Gin business gets a boost

MIDDLEBURY — There’s a message on the door leading into the cavernous, 12,000-square-foot warehouse in which Stonecutter Spirits will someday be able to age up to 1,500 barrels of its carefully crafted gin and whiskey.
“Shhh… The spirits are sleeping,” the message reads.
Well, Stonecutter is now beginning to make some noise, in part thanks to a $100,000 loan from the Addison County Economic Development Corp. (ACEDC) that has allowed the Middlebury company to begin production. The $100,000 comes from an ACEDC revolving loan fund and is part of a $500,000 funding package from Opportunities Credit Union and the National Bank of Middlebury.
“We are delighted to be able to help a business like Stonecutter Spirits get started,” said ACEDC Executive Director Robin Scheu. “Our revolving loan funds were created just for this type of need. ACEDC invests in local businesses with the dual goals of creating or retaining good paying jobs in the county, and helping our businesses succeed and grow.”
Bridport couple Sivan Cotel and Sas Stewart launched Stonecutter last year. They have installed the company in a spot at 1197 Exchange St. formerly occupied by Questech. This past Thursday saw workers completing a wooden bar for the tasting room that will offer samples of the company’s gin and whiskey after it is done aging.
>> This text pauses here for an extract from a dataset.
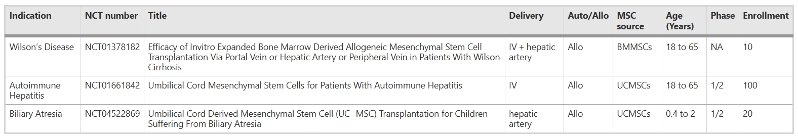 目前,MSC療法正在臨床試驗中探索其治療各種慢性肝病的潛力,包括威爾遜氏病、自身免疫性肝炎和膽道閉鎖,并針對每種情況制定具體的給藥策略(表格3)。

An inaugural batch of gin — enough for around 600 bottles — is currently maturing in a handful of barrels in the warehouse, which is connected to a bottling/production area served by a loading dock from which cases of the potent potables will be spirited away to markets in Vermont and beyond.
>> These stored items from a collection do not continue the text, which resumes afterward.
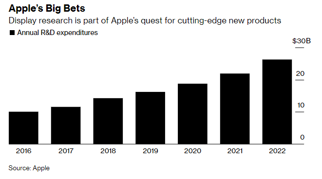 I display microLED saranno i primi schermi di Apple progettati e sviluppati interamente. La società attualmente acquista schermi da una serie di produttori, tra cui Japan Display Inc., Sharp Corp. e BOE Technology Group Co., oltre a Samsung e LG.
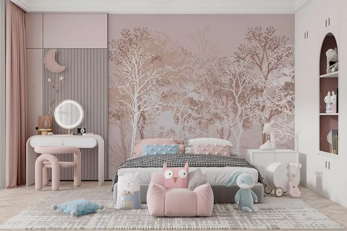 Фотошпалери Дерева в лісі, мінімалізм, природа, бежева палітра кольорів w02930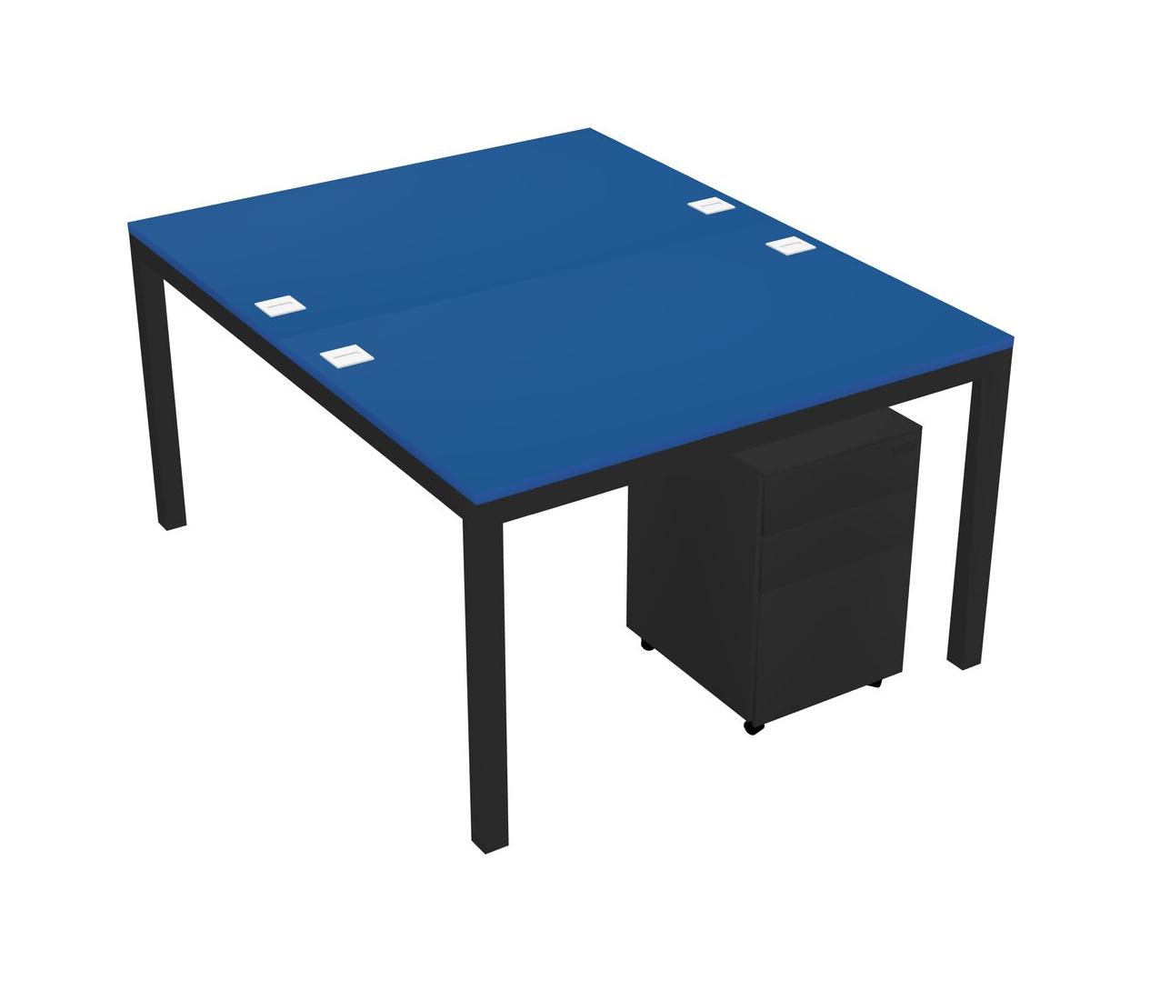 Prism Blue Shared Rectangular Office Desk With Metal Mobile Drawers For 2 Persons

Cotel explained the loans will help sustain the business during this period when Stonecutter is developing its product and building inventory. It’s a period during which companies aren’t yet earning revenues. At this point, Cotel and Stewart are the only employees at Stonecutter, but the new loans are expected to help the company create up to a dozen full-time jobs and bring on another six part-timers during the next three years. Those new positions will be in sales, marketing, administrative support and production.
“It’s a business where we age things,” Stewart said. “Having inventory and being able to do the production work we need to do is vital to our business. These loans are what make that happen.”
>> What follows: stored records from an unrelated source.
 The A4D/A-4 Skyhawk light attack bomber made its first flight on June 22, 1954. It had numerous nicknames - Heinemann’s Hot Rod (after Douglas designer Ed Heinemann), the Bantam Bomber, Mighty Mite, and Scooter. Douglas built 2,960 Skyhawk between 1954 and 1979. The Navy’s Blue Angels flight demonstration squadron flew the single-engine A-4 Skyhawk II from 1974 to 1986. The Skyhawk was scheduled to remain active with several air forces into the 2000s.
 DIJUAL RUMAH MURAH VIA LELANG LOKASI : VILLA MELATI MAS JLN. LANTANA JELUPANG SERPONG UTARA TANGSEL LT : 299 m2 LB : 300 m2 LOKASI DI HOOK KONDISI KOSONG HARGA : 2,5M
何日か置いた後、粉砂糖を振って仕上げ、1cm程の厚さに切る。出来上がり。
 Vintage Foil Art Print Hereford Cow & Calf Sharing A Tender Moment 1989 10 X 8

Stonecutter’s flagship products will be a single barrel gin and a small batch whiskey, aged to a light-amber hue and finished with “a new spin on traditional methods,” according to Cotel. The gin will be aged for six to 12 months in repurposed bourbon barrels that will impart additional character and flavor to the end product, the owners noted. The barrels will be sourced from whiskey distilleries throughout the country, primarily from Kentucky. A Vermont farm will grow the juniper berries and a distiller in southern Vermont will produce the base gin that will then be shaped by the Stonecutter recipe that Stewart and Cotel recently perfected after several months of experimentation. Stonecutter will host a special release of its product sometime this summer.
Cotel said the flavor of Stonecutter gin will include hints of juniper, orange peel and cardamom, rounded out by notes of various botanicals. The barrels themselves will also impart subtle vanilla and caramel flavors to the gin.
At the same time, the couple is doing some test batches of whiskey that will also be marketed under the Stonecutter brand.
“We know what we are interested in and are just fine tuning it right now,” Stewart said.
Cotel and Stewart are pleased that Stonecutter is located close to several other beverage companies, including Vermont Hard Cider, Otter Creek Brewing, Lincoln Peak Vineyard and the Appalachian Gap Distillery.
“Addison County is a growing hub of craft food and beverage production,” said Stewart. “We couldn’t be more excited to join the community of talented artisans and makers in this area.”